The second thing to mention about the final report is that this is our first insight into the substantial risk test, which is something that my colleague had mentioned. I would encourage committee members to have a look at the annex to that report because it does talk about how Canada is to interpret it. That's our first indication as to how officials are interpreting the question of substantial risk. If you look to the annex of that report, you'll notice that there are entire sections that are blacked out and that we don't have any more understanding about how exactly the government intends to use this criteria. As my colleague has already pointed out, the final report itself has many troubling references to the notion of repeated use. That is not the risk analysis that is envisioned by the ATT or, for that matter, by the EIPA in Canadian law.

5:20 p.m.

Liberal

The Chair Liberal Sven Spengemann

Thank you very much, Mr. Bergeron.

The final series in this round goes to Mr. Harris, again, for six minutes, please.

5:20 p.m.

NDP

Jack Harris NDP St. John's East, NL

Thank you very much.

Thank you to our witnesses for your evidence on this very crucial topic. We have, of course, the obligations under the ATT and obligations under the legislation, and as has been pointed out, there are some differences. There's something I'd like to ask, though, before I get to that.

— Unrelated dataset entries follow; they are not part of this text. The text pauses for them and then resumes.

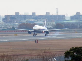 コンデジの最大望遠じゃA320の着陸もこの小迫力。
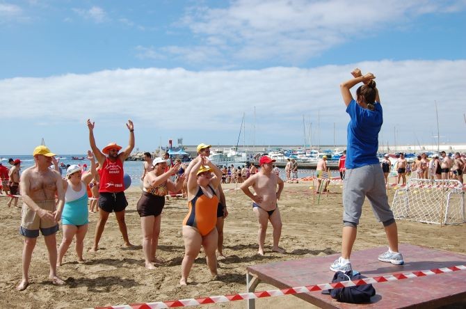El Ayuntamiento de Mogán ha preparado, un año más, un circuito que favorece la movilidad física y el espíritu de equipo con actividades como la master class de zumba, juegos de playa como el boleybol, juegos con pelotas y circuitos de obstáculos.
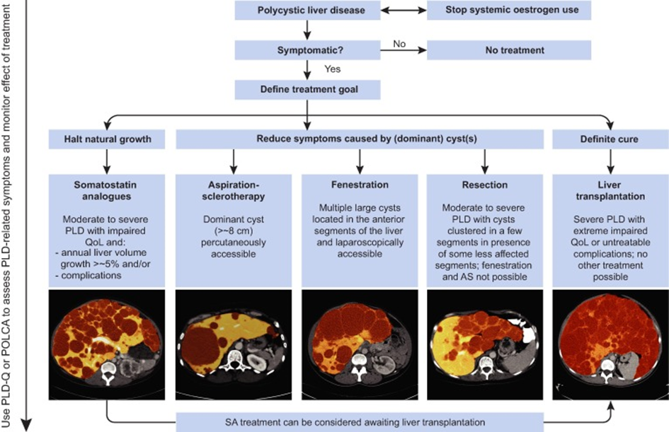 Polikistik Karaciğer Hastalığı bulunan ve Semptom (+) hastada somatostatin analoğu olarak “lanreotide” ve mTOR inhibitörü olarak da “everolimus” başlama kriteri aşağıdakilerden hangisidir?
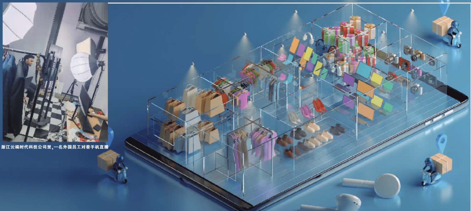 仲夏时分,记者来到杨帆公司总部,偌大的办公室一隅,设有一间小小的摄影棚。一名外国员工正对着手机直播,展示男装。

We're talking here, in the case of Turkey, about drones and drone technology. We know that we don't need to see, by your own analysis, patterns of violations to establish a substantial risk, just a substantial risk itself. Does the drone technology per se involve a substantial risk of violations of international human rights obligations, or obligations under the treaty? I invite you all to have a quick yes or no on that because I think that in some cases it's regarded as being a violation. It's surely the case with Libya, where it's an embargo situation—yes, of course—but does that have to be assessed on a country by country basis, or does it have to have serious end-user requirements or knowledge before it can be assessed?

Perhaps we'll start with Amnesty International.

5:20 p.m.

Human Rights Law and Policy Campaigner, Amnesty International Canada

Justin Mohammed

Thank you for the question, Mr. Harris. My colleagues, I think, from Project Ploughshares and potentially Rideau Institute will have more to say.

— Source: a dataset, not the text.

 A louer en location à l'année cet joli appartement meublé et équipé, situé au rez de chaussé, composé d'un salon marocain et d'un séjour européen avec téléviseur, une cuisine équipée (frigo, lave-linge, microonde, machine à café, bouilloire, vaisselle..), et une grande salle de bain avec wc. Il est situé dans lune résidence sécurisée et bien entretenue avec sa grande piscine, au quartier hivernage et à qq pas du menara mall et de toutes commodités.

One thing I would just mention that's important in that connection, particularly in the Turkish context, is article 7(7) of the ATT, which talks about the notion that even after an export has been granted, the state party should then continually renew the information as more of it comes out. I think that's one of the useful pieces that would come in, in the Turkish context.

5:20 p.m.

NDP

Jack Harris NDP St. John's East, NL

That's a subsequent question that I want to get into. That is part of the requirements of the ATT but it's not a part of Canadian law, so I think that's something important.

To Project Ploughshares, would your representatives tell us whether you think the drone technology itself is.... Obviously it's subject to significant human rights violations, but would you consider it to be a weapon that particularly exposes substantial risk?

5:20 p.m.

Executive Director, Project Ploughshares

Cesar Jaramillo

Yes, it is, with the caveat that exports need to be assessed on a case-by-case basis. The technology alone paints part of the picture, but you need to look at the nature of the recipient and any related precedents that would paint the full picture around risk.

5:20 p.m.

NDP

Jack Harris NDP St. John's East, NL

Thank you.

5:20 p.m.

Researcher, Project Ploughshares

Kelsey Gallagher

Just to add to that, I would agree. This is a case-by-case basis, but it is exported as a weapon and it certainly is a weapon.

Once again, just to touch on a point I made earlier, this technology is critical for the recipient to be able to launch modern air strikes. Without these, the drones that Turkey was using in Libya, in Nagorno-Karabakh, in Syria and in Iraq, would be incapable of launching modern air strikes as we know them.

Not only are these exported as weapons but they should be seen as proper weapons due to the capabilities that they bring to the table.